1922: Traffic Manager Marie Melchior


From a 1922 issue of The American Magazine:

A Fleet of 150 Trucks With a Girl at the Helm

Miss Marie Melchior is traffic manager of a big fleet of motor trucks, certainly an unusual role for a woman. But consider the further fact that Miss Melchior is eighteen years old. Yet she directs the operation of one hundred and fifty motor trucks.

The company for which Miss Melchior works hauls most of the materials for the big construction projects in St. Paul and Minneapolis, and for many highway improvements in other parts of Minnesota. It is the biggest company of its kind west of Chicago. Every day trucks of the company are scattered over a large section of the state.

Miss Melchior must see that each contractor gets all the material he needs for the day. If she errs a bit in judgment, construction work may be halted and men thrown out of work. Contractors may lose thousands of dollars. Upon the things she does, depends the work of perhaps two thousand laborers.

She must meet emergencies, too. An order may come in for a dozen trucks. She must assemble them. Perhaps she takes a truck or two off of one job. Maybe she has to organize a night crew. But the point is — she gets the trucks, and she gets them on time. In all her work, there never has been a time when a concrete mixer had to stop for lack of material.

Said the president of the company for which Miss Melchior works:

“If you believe it isn’t a job to keep a hundred and fifty trucks placed and working, you have another guess coming.

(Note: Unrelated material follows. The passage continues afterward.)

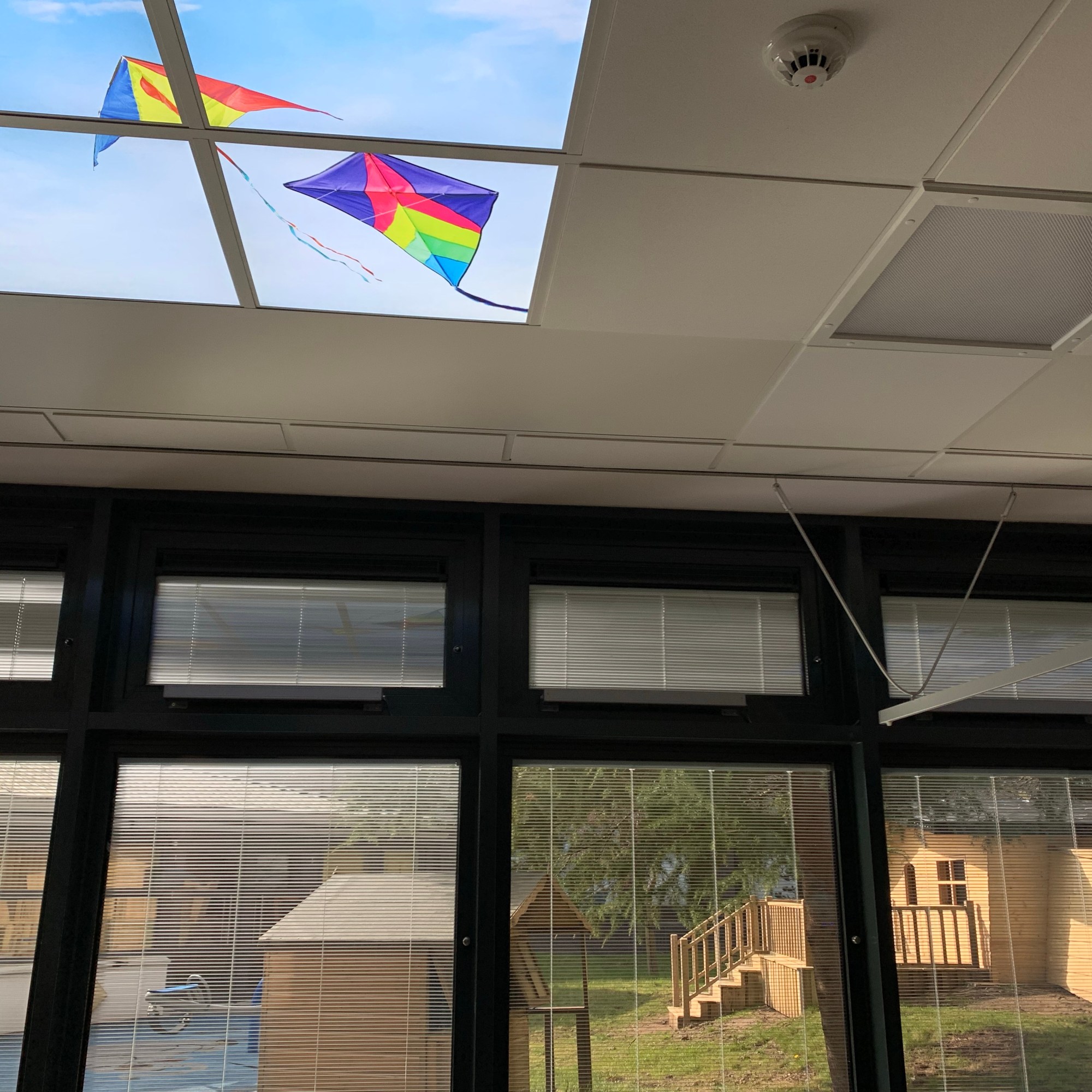 The design includes a selection of bright illuminated sky panels in the ceilings, displayed throughout the unit. Looking upwards, images of sky, clouds, balloons, kites, wildlife are visible above. These panels were selected by children in the hubs established for key workers’ children during the Covid lockdown in 2020. Suzanne has adapted and added and linked to these quite beautifully. A major piece of her work adorns the front reception area. Her ‘Riverside Adventures’ was selected as a theme for the front end reception space and was chosen by staff, children and families in an online voting and selection process.
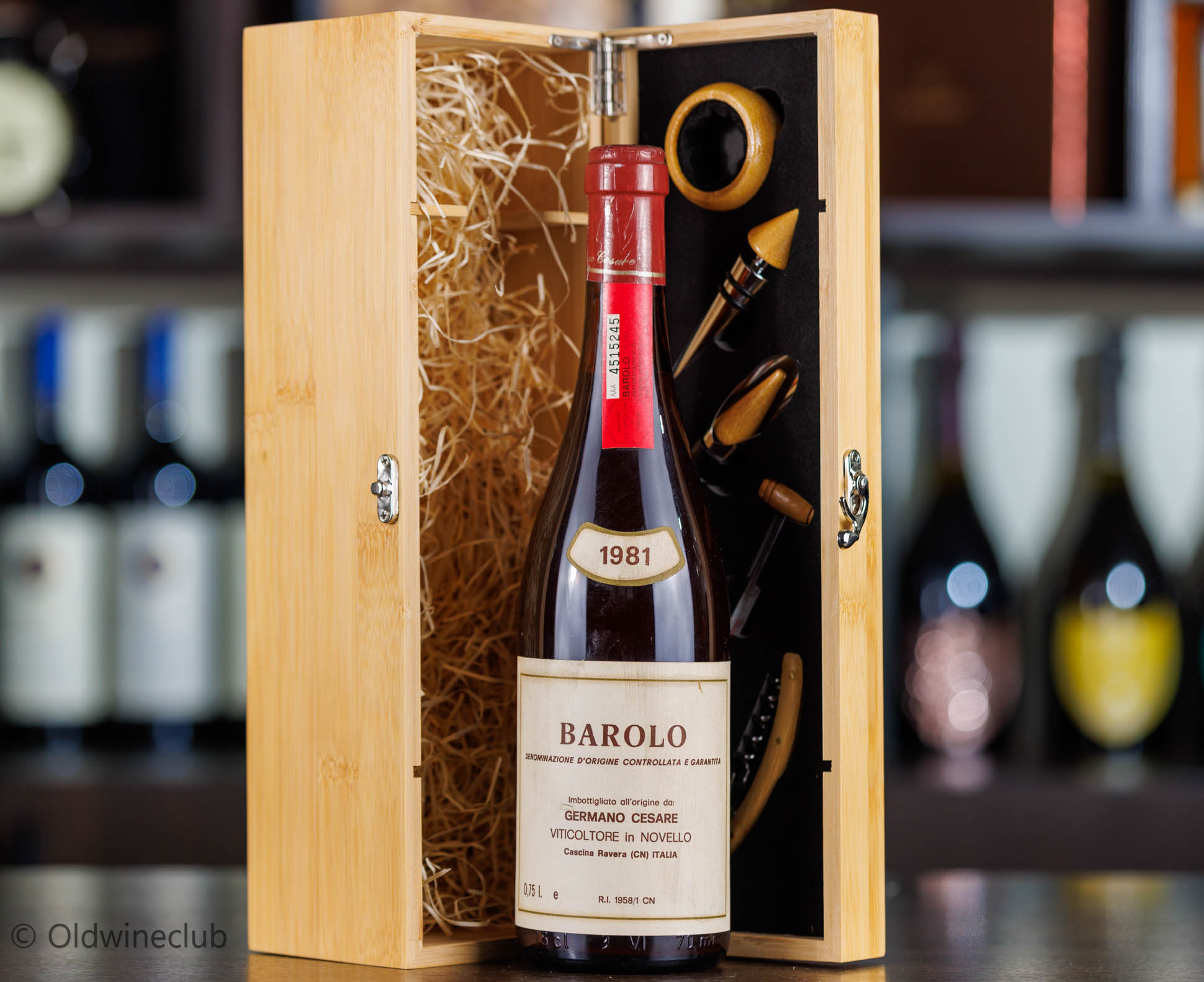 Бутылка предлагается в подарочном деревянном ящике с набором элитных аксессуаров для вина.

“Once, I recall, we had fifty-five trucks thrown out of work without notice. In an hour and a half she had them all placed at other work. She can do this because she keeps in touch with all construction work in the state.

“Often trucks come in needing repair. She decides what trucks are to go to the shop. She knows more about motors than ninety per cent of the mechanics.”

To Miss Melchior, there seems nothing unusual in her accomplishment.

“They tell me I am all work,” she said; “but I don’t believe it.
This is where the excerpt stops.